This 1969 film from trash favourite Al Brescia presents an interesting combination of mondo and “white coater” exploitation forms, apparently using the time-honoured defence of being educational as a means of getting around the censors - as when a discussion of the normalcy of voyeurism provides the justification for an voyeuristic candid camera montage of women in various states of undress.
The film begins with some classic Mom and Dad style birth of a baby footage, as the narrator’s voice-over emphasise the Freudian notion that the infant is already a sexual being.
A montage of clips of children and adolescents then follows, as the voice-over - soon identified as that of a doctor type - emphasises the importance of discussing sexuality openly and honestly with children and adolescents so that they grow up to be normal rather than deviant.

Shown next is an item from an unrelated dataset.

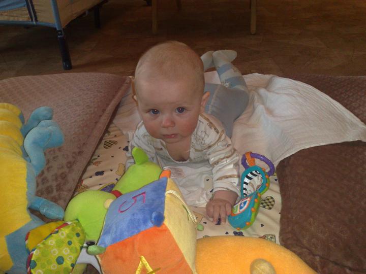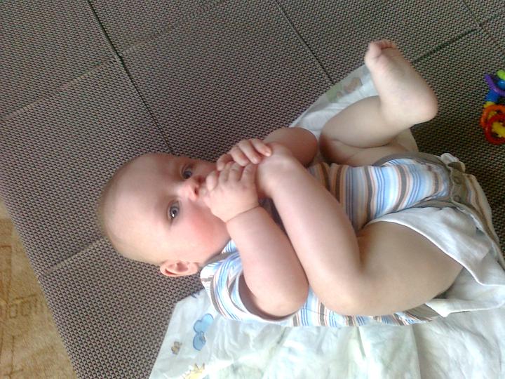 tak už máme zoubků šest a začínáme se plazit. Mamka mě musí nahánět po pokoji je to hrozná sranda

Unsurprisingly the film’s discourses around normal and abnormal sexuality are where its age shows. On the one hand, its defence of masturbation during adolescence as a natural stage in the development of a healthy adult sexuality was probably quite a progressive position for an Italian film to take in 1969. On the other, the lumping together of homosexuality with paedophilia, bestiality and necrophilia as perversions where the wrong object of desire is chosen seems rather dated.

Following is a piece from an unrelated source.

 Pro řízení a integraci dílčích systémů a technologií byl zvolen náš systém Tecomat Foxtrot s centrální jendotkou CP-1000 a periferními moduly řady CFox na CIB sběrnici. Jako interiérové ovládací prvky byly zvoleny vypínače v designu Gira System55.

The various vignettes address such themes of nymphomania, understood as a normal desire taken to excess rather than a true deviation; fetishism, featuring Franco Ressell and a mannequin to suggest a giallo connection; gender (re)assignment surgery, focusing on those born with ambiguous genitals; and a man and woman having their physical states monitored by doctors as they purportedly have sex.
An entertaining historical document.